Hungarian actor (1920–2006)

Ferenc Zenthe (born Ferenc Rameshofer; 20 April 1920 – 30 July 2006) was a Hungarian actor, honored with being chosen as an Actor of the Nation, the Kossuth Prize and the Meritorious Artist Award of Hungary. Best known for the historical adventure series A Tenkes Kapitánya and pioneering soap opera Szomszédok, he was regarded as one of the great talents of his generation.

==Life and career==
Ferenc Zenthe was born on 20 April 1920 in Salgóbánya (now part of Salgótarján) as the only son of a 50-year-old mining engineer. He attended the Cistercian high school of Eger, then attended four semesters in the University of Economics in Budapest, which he left to join the Academy of Performing Arts in 1941, but ended his studies after one year because of World War II. He joined the National Theatre of Pécs in 1945, and after two seasons, the Kisfaludy Theatre of Győr (now the National Theatre of Győr). In 1949 he joined the Csokonai Theatre of Debrecen, and in 1952 the Madách Theatre of Budapest, where he stayed for the rest of his life.
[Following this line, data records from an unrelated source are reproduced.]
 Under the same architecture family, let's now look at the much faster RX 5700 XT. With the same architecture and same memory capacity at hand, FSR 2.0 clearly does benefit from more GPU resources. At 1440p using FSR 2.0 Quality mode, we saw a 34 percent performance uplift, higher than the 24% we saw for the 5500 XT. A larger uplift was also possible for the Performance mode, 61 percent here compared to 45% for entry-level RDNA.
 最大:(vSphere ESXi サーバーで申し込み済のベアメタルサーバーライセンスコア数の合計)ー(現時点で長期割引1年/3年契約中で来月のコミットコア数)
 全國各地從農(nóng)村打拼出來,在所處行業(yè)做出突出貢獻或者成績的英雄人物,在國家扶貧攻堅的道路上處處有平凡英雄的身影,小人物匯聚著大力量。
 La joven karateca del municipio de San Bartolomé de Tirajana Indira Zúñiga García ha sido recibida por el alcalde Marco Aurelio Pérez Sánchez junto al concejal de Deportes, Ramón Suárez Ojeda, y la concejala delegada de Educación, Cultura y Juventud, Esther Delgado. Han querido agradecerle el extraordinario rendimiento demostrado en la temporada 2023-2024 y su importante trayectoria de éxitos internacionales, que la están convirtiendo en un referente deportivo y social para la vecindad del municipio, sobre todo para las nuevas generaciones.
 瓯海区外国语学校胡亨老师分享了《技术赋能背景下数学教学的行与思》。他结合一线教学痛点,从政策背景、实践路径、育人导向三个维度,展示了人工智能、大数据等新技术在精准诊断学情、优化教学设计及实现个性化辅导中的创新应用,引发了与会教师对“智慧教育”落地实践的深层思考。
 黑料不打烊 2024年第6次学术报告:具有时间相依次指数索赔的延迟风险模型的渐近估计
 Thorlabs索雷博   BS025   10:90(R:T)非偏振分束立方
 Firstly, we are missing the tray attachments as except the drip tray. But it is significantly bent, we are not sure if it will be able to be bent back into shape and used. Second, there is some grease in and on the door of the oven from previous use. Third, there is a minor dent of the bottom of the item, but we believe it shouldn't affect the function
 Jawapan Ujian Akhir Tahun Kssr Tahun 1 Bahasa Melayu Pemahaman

Beloved by the audience from the start of his career, he received numerous film and television roles in the restarting Hungarian film industry. His first role was the one of army general Sándor Nagy in Föltámadott a Tenger, then the leading role of Rákóczi hadnagya. This followed a series of romantic/comedic roles: a Kétszer kettő néha 5, Mese a 12 találatról, Kölyök, Fapados szerelem. In 1963 he got the leading role of the first series produced by the Hungarian Television: A Tenkes kapitánya (The Captain of Tenkes). As the leery Máté Eke in one of the greatest success of early Hungarian television, Zenthe's fame grew potentially. He led the cast of the Oscar-nominated The Revolt of Job in 1983.
Beside movies and stage roles, he was mainly known from TV series like Tüskevár, Fekete Város, Bors, and particularly the first Hungarian soap opera, Szomszédok, in which he played the grumbling old taxi driver Uncle Taki throughout the series' entire 12-year run (1987 to 1999).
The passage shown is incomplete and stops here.